Томас вздрогнул от этого неумышленного намека.
— Зайдем уже, наконец, в часовню, — сказал он. — Пока труп окончательно не разложился. Сестра Анна ожидает нас там.
Она встретила их обоих с легкой улыбкой.
— Как это заботливо с вашей стороны, Ральф, — сказала она, — приготовить свежий труп как раз к появлению брата Томаса после долгого его отсутствия.
Ральф даже отступил на шаг, так его задела эта шутка.
— Анни! — воскликнул он укоризненно. — Как вы можете так говорить!
Однако Томас расценил эти слова как лишнее подтверждение ее дружеских и, быть может, даже достаточно близких отношений с Ральфом в прошлом… Но, возможно, память об этих чувствах она сохраняет и сейчас?

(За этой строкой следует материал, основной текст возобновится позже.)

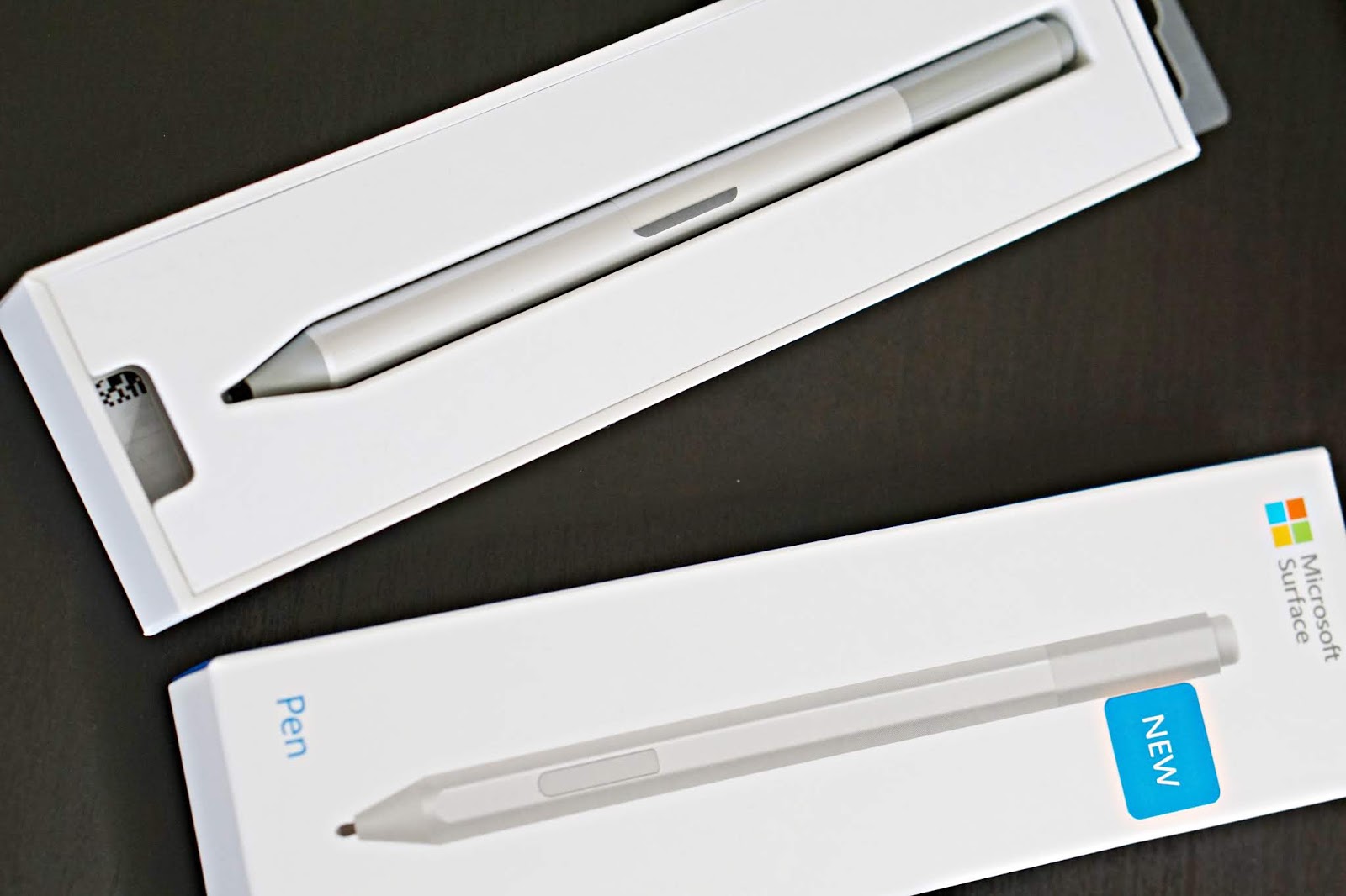 Surface Pro4 世代のペンとちがって,クリップがなくなり,側面ボタンのサイズは小さく,塗装もなくなった.実はこのボタンの塗装がくせもので,半年も使っているとみるみる剥げていってしまうダメ仕上げだった.新しいペンはそこも地味に改善されているようだ.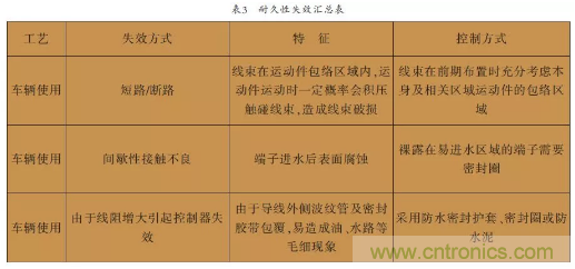 耐久性失效是一種隨著車輛使用,在中間環節形成的失效方式,是伴隨著車輛的生命周期隨機產生的,具有不可預測性。一旦失效會引起客戶對品牌的極大抱怨。此類失效多為線束在運動件包絡區域內發生,在達到一定的磨損后產生的,因此在初期不易察覺。如下表3為耐久性失效匯總表。

Томас не имел никаких оснований сомневаться, что Анна любила своего бывшего мужа и до сих пор хранит эту любовь в душе. Но разве не могут в ней уместиться два подобных чувства? Тем более что теперь она уже навеки обручена с церковью…
— И этот труп, Анна, — произнес он, прерывая возникшую неловкую паузу, — мне предстоит осмотреть и опознать. Иначе Ральф от меня не отстанет. Только, боюсь, я не сумею припомнить этого человека, даже если мы встречались с ним где-то на дороге.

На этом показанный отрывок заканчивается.